### DATA PROVIDED
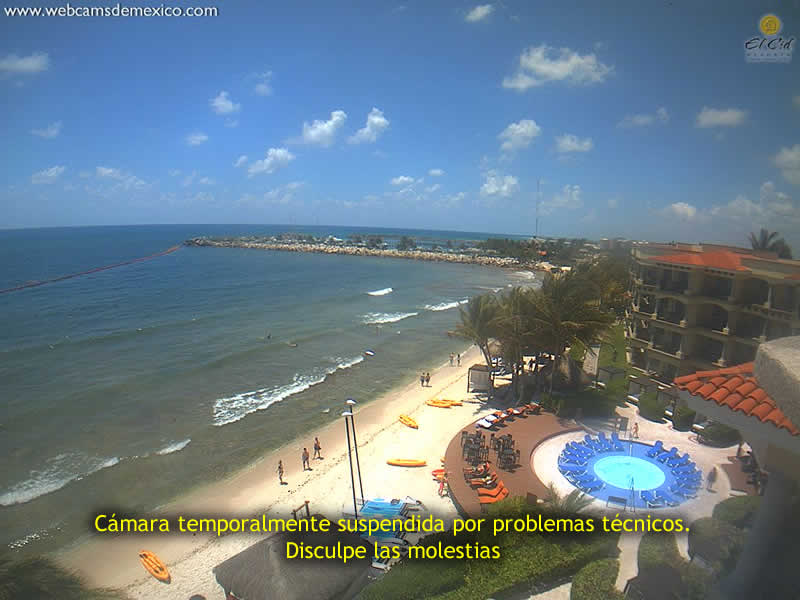 Веб-камера находится в отеле El Taj на 14-й улице и на пляже в центре Плайя-дель-Кармен.
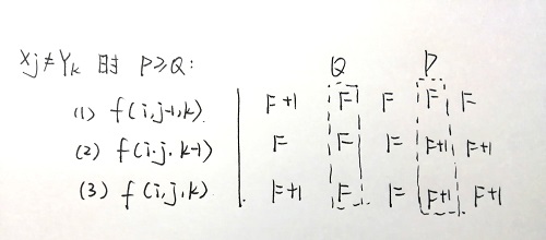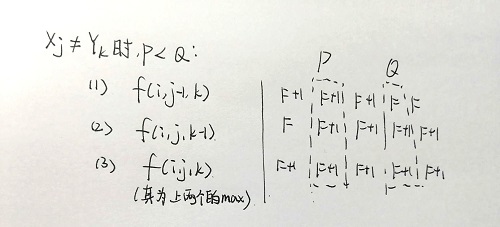 $$(p(k,j),q(k,j))=\left\{\begin{matrix} (P,Q) & X_j\neq Y_k,P\geq Q\\ (Q,P) & otherwise \end{matrix}\right. $$初始 ,将 都递推出来后再处理原问题只需用差分得到 。
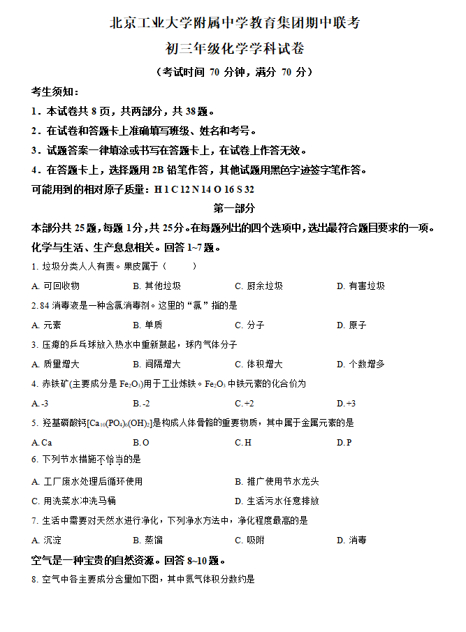 北京市朝阳区北京工业大学附属中学2023-2024学年九年级上学期期中化学试题
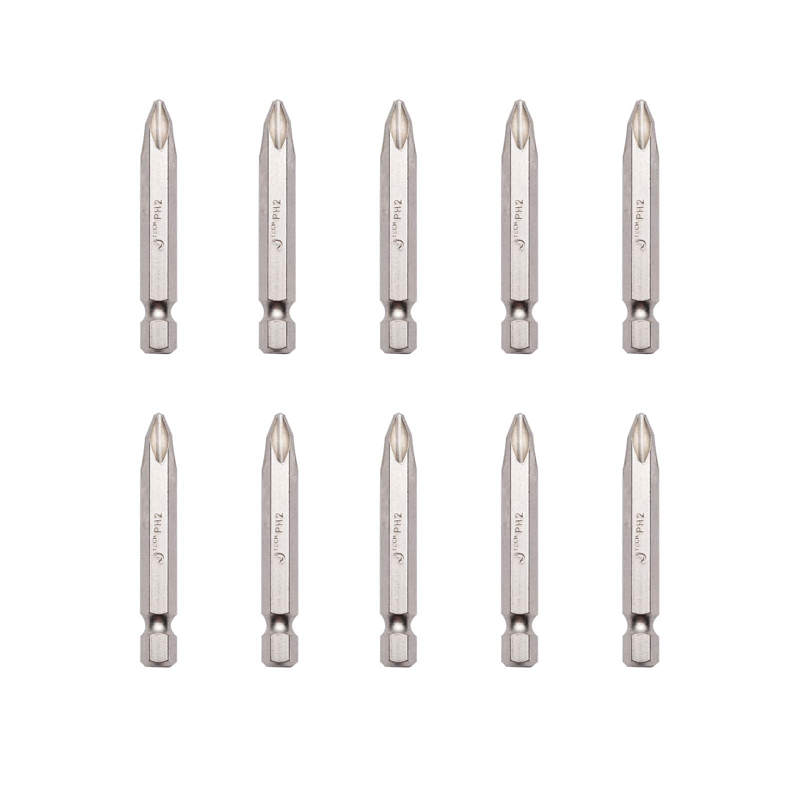 Jetech PH2 50mm Phillips Screwdriver Bits (10 Pack) - 2 inch Nickle Plated Heat Treated S2 Alloy Precision Bits with Case

### TASK INSTRUCTIONS
Reproduce the whole listing above word for word, but not its pictures.

### SOLUTION
 Веб-камера находится в отеле El Taj на 14-й улице и на пляже в центре Плайя-дель-Кармен.
 $$(p(k,j),q(k,j))=\left\{\begin{matrix} (P,Q) & X_j\neq Y_k,P\geq Q\\ (Q,P) & otherwise \end{matrix}\right. $$初始 ,将 都递推出来后再处理原问题只需用差分得到 。
 北京市朝阳区北京工业大学附属中学2023-2024学年九年级上学期期中化学试题
 Jetech PH2 50mm Phillips Screwdriver Bits (10 Pack) - 2 inch Nickle Plated Heat Treated S2 Alloy Precision Bits with Case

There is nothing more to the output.